Step 1.	Log in to the concentrator using a web browser.
Step 2.	Navigate to the AAA authentication server page using the following commands: Administration > Access Rights > AAA Servers > Authentication > Add
Step 3.	Enter the IP address and the encryption key for the TACACS+ Server, as shown in Figure 3-2. The values entered are as follows: Authentication server: 192.168.0.30 Server secret: VerYs3cr3taqskey Figure 3-2. VPN Concentrator Authentication Configuration
Step 4.	Navigate to the Administration properties page and choose the following commands: Administration > Access Rights > Administrators
Step 5.	Select the username admin and click the Modify button.
Step 6.	On the Modify properties page for the user admin, change the AAA Access Level to 15 and click the Apply button. This action sets the privilege level for user admin to 15.

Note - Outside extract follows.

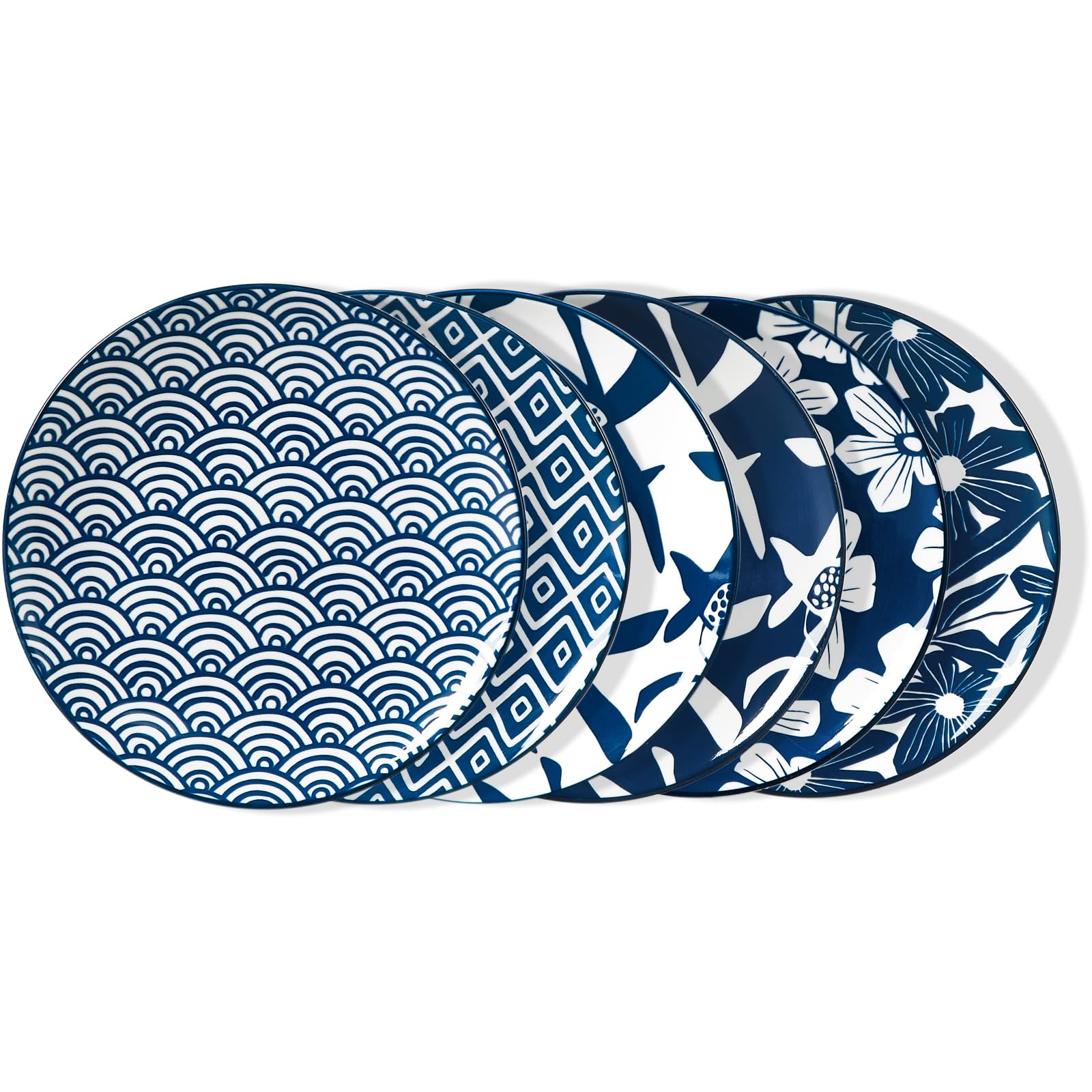 ONEMORE Ceramic Salad Plates Set of 6, 8.5 inch Dinner Plates- Microwave, Oven & Dishwasher Safe Porcelain Small Pasta Plates - Artistic Japanese|Kitchen & Dining
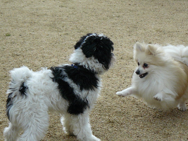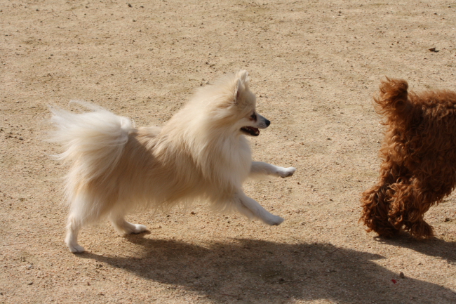 前にも一度あったトイプー君を追いかけるジョン

The VPN concentrator is now ready to be accessed using the username and password defined in the TACACS+ Server. Based on the TACACS+ configuration file in Example 3-1, the username spope should be able to log in to the concentrator using the password longpassword.

Caution

After you configure TACACS+, make sure that you test authentication before you log out. An improper configuration of TACACS+ can lock you out. If you are locked out, a serial port login (using the locally defined username and password) is required to disable TACACS+ and rectify the problem. Note that regardless of the TACACS+ configuration, the concentrator always uses the locally defined username and password for the serial port connection. If you change the default username and password combination, (admin and admin, respectively), be sure to test the new combination before configuring the TACACS+-based authentication.